First, if you simply compare all the pairs, you will need to compute all the difference of \(NM\) pairs. Under the constraints this time, it requires \(4\times 10^{10}\) number of calculations, which does not finish in the time limit.

Instead, we first sort the two arrays. Generally, if the order of a given sequence or set does not matter, making it monotonic by sorting it may sometimes make the problem easier to solve. We can almost always sort as large sequence as given, and if the problem is solvable then the problem for the sorted array should be also solvable, so there are no disadvantages in considering such cases.

Now, we suppose that the array has been sorted. That is, we assume that \(A_1\leq A_2\cdots \leq A_N\) and \(B_1\leq B_2\cdots \leq B_M\). Then for each \(i=1,2,\ldots,N\), in this order, we will find such \(j\) that minimizes \(\lvert A_i-B_j\rvert\). If \(A_i\leq B_j\) then for any \(j< j'\), \(\lvert A_i-B_j\rvert=B_j-A_i\leq B_{j'}-A_i=\lvert A_i-B_{j'}\rvert\), so we do not have to check any \(j'\) greater than \(j\). It looks like we have reduced the number more or less, but if \(A_i>B_N\), then we have to inspect every pair, so it is not enough. Here, the point is that the converse is also useful. That is, if \(B_j\leq A_i<B_{j+1}\), then for each \(j'\leq j\), \(\lvert A_{i+1}-B_{j'} \rvert=A_{i+1}-B_{j'}\geq A_{i+1}-B_{j}\geq A_i-B_j=\lvert A_i-B_j\rvert\), so we do not have to inspect it.

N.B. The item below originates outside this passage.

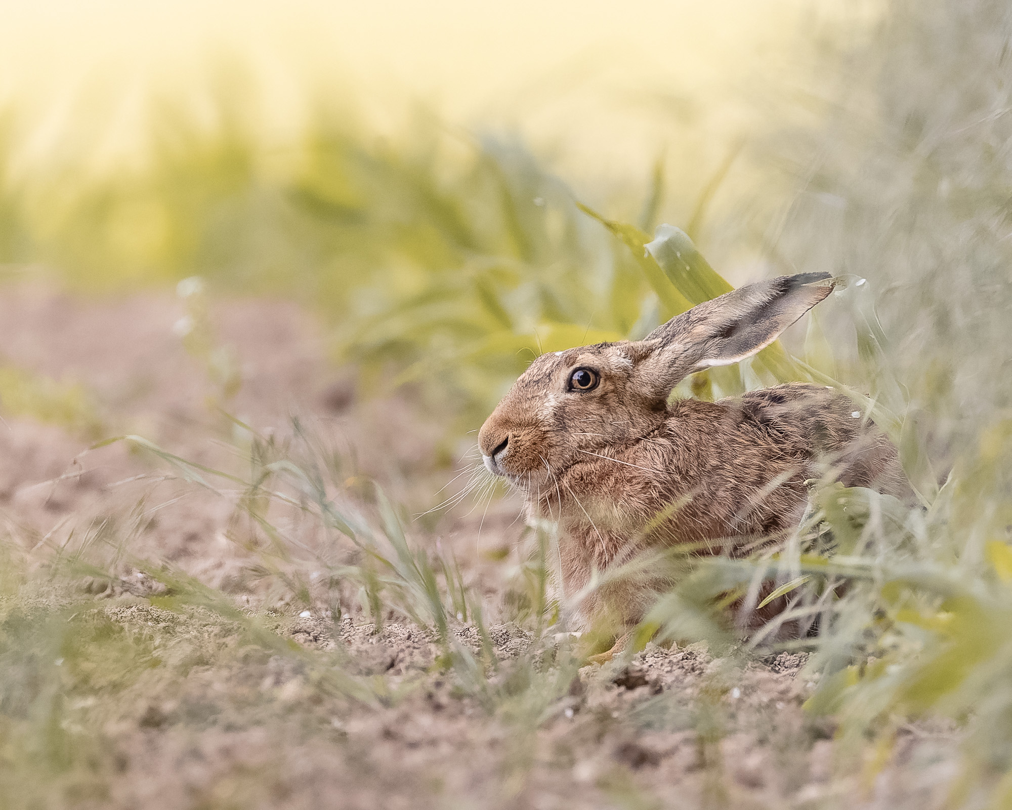 Der Feldhase ist ein typischer Bewohner unserer offenen Landschaften und ein Meister darin, mit seiner Umgebung zu verschmelzen. Er verlässt sich mehr auf seine Sinne als auf Tarnung: große Augen, große Ohren und ein beeindruckender Blickwinkel. Wenn man ruhig bleibt, auf Abstand achtet und keine hektischen Bewegungen macht, kann man Feldhasen oft länger beobachten, als man denkt. Viele meiner Begegnungen entstehen im Sitzen oder Liegen im Feld, wenn es um mich herum still wird und der Hase merkt, dass keine Gefahr von mir ausgeht. Besonders spannend finde ich diese Momente, in denen er kurz aufrichtet, horcht und sich entscheidet, was als Nächstes passiert.

Overall, we can find the answer by repeating the following steps, starting from \(A_1\) and \(B_1\):

  • If the value \(\lvert A_i-B_j\rvert\) is less than the minimum difference so far, then update the preliminary answer.
  • Then, compare \(A_i\) and \(B_j\).
  • If \(A_i> B_j\), then update \(B_j\) to \(B_{j+1}\) and continue the next iteration.
  • If \(A_i\leq B_j\), then we do not have to compute \(\lvert A_{i}-B_{j'}\rvert\) for any \(j'\) such that \(j<j'\). Moreover, also for \(A_{i+1}\), we do not have to compute \(\lvert A_{i+1}-B_{j'}\rvert\) for any \(j'\) such that \(j'<j\), so we go on to the next iteration with \(A_{i+1}\) and \(B_j\).
  • If \(i>N\) and \(j>M\), terminate the operations.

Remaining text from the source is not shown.